TÜRKİYE CUMHURİYETİ
|
ANAYASA MAHKEMESİ
|
|
|
GENEL KURUL
|
|
KARAR
|
|
HASAN ÖZCAN BAŞVURUSU
|
(Başvuru Numarası: 2014/15059)
|
|
Karar Tarihi: 25/5/2017
|
GENEL KURUL
|
|
KARAR
|
|
|
Başkan
|
:
|
Zühtü ARSLAN
|
Başkanvekili
|
:
|
Burhan ÜSTÜN
|
Başkanvekili
|
:
|
Engin
YILDIRIM
|
Üyeler
|
:
|
Serdar
ÖZGÜLDÜR
|
|
|
Serruh KALELİ
|
|
|
Osman Alifeyyaz PAKSÜT
|
|
|
Recep
KÖMÜRCÜ
|
|
|
Nuri
NECİPOĞLU
|
|
|
Hicabi DURSUN
|
|
|
Muammer
TOPAL
|
|
|
M. Emin KUZ
|
|
|
Hasan Tahsin
GÖKCAN
|
|
|
Kadir ÖZKAYA
|
|
|
Recai AKYEL
|
Raportör Yrd.
|
:
|
İsmail Emrah
PERDECİOĞLU
|
Başvurucu
|
:
|
Hasan ÖZCAN
|
I. BAŞVURUNUN KONUSU
1. Başvuru, iş mahkemesinde açılan alacak davasında delillerin
eksik ve hatalı değerlendirilmesi, Yargıtay kararının gerekçesiz olması ve
yargılamanın makul sürede sonuçlanmaması nedenleriyle adil yargılanma hakkının
ihlal edildiği iddialarına ilişkindir.
II. BAŞVURU SÜRECİ
2. Başvuru 5/9/2014 tarihinde yapılmıştır.
3. Başvuru, başvuru formu ve eklerinin idari yönden yapılan ön
incelemesinden sonra Komisyona sunulmuştur.

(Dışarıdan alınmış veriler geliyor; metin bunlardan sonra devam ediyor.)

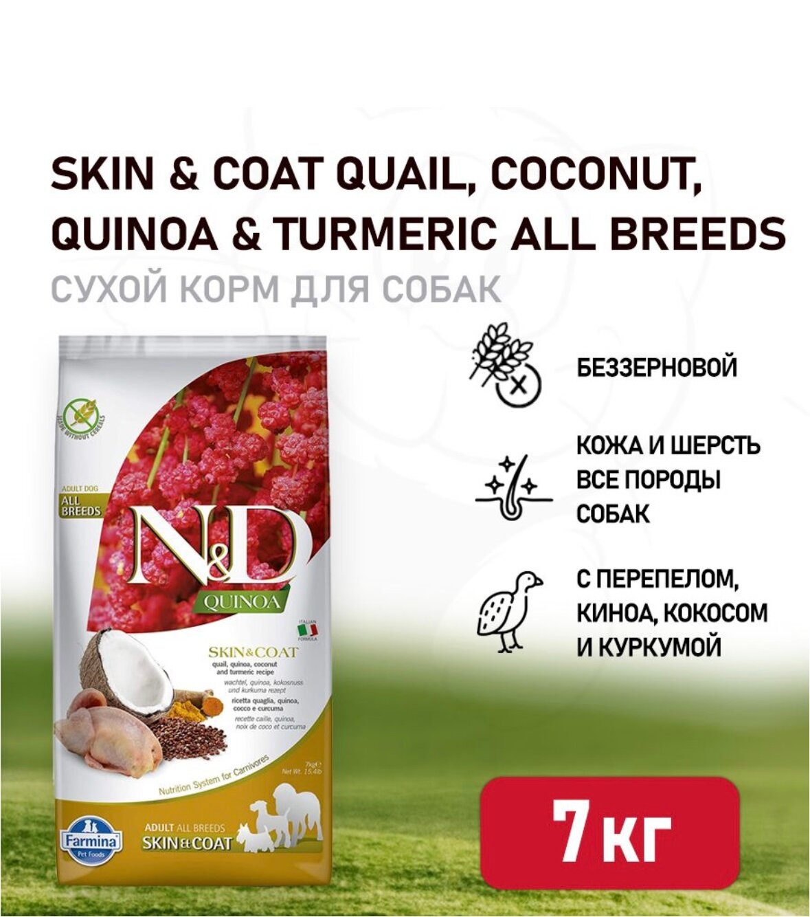 Сухой беззерновой корм с перепелом и киноа, уход за кожей и шерстью, для собакFarmina N&D Quinoa Skin&Coat, 7 кг

4. Başvurucu, başvuru formunun "avukatı" kısmını
avukat ismi ve adresi vererek doldurmuş ancak başvuru dosyası kapsamında baro
pulu ekli, suret harcı ödenmiş bir vekâletname sunmamış, bu çerçevede Anayasa
Mahkemesinin 19/9/2014 tarihli yazısı ile kendisinden vekâletname sunması
istenmiş, başvurucu 9/10/2014 tarihli cevap yazısında başvurunun kendisi
tarafından yapıldığını, bu nedenle vekâletname sunmayacağını bildirmiştir.
5. Komisyonca başvurunun kabul edilebilirlik incelemesinin Bölüm
tarafından yapılmasına karar verilmiştir.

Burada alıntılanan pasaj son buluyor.